## WHAT THIS TASK INVOLVES:
An exact copy of the lines of the listing below between the "A Fluent Bit" line and the "Red and 4 blue" line, both included, is the whole answer; please omit the pictures.

## RAW DATA:

——————

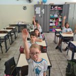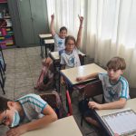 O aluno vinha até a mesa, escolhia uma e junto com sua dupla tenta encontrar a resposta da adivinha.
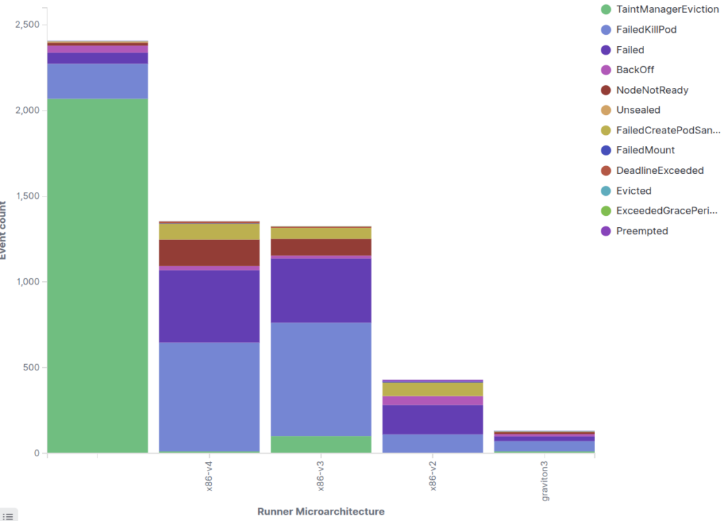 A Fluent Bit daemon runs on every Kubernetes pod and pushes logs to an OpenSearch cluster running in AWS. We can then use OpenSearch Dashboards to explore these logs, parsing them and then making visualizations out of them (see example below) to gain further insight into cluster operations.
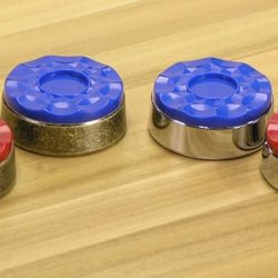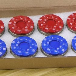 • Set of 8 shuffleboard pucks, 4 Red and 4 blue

——————

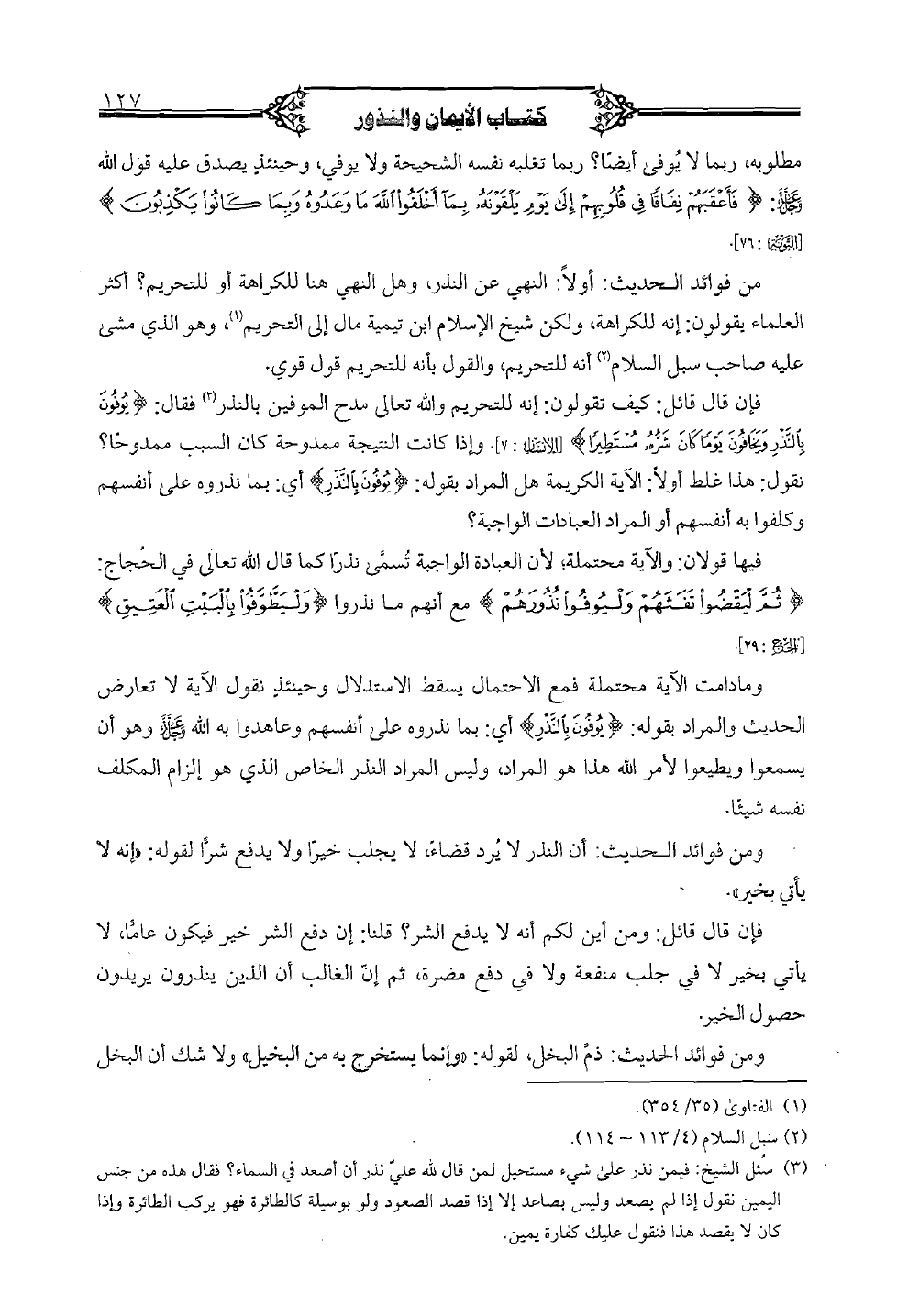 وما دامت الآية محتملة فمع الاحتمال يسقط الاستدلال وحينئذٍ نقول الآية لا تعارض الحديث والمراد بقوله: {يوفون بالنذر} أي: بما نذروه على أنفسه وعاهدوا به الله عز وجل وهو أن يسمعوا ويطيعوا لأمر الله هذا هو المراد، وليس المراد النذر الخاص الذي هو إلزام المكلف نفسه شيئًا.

——————

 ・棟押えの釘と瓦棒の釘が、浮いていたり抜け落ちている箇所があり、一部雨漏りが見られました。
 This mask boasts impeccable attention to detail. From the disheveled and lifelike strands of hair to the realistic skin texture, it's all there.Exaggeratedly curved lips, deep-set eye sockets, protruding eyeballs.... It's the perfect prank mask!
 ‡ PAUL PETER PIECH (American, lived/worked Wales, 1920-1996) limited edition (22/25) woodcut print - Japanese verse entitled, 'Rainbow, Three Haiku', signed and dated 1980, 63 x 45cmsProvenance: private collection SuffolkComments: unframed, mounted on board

——————

## ANSWER:
 A Fluent Bit daemon runs on every Kubernetes pod and pushes logs to an OpenSearch cluster running in AWS. We can then use OpenSearch Dashboards to explore these logs, parsing them and then making visualizations out of them (see example below) to gain further insight into cluster operations.
 • Set of 8 shuffleboard pucks, 4 Red and 4 blue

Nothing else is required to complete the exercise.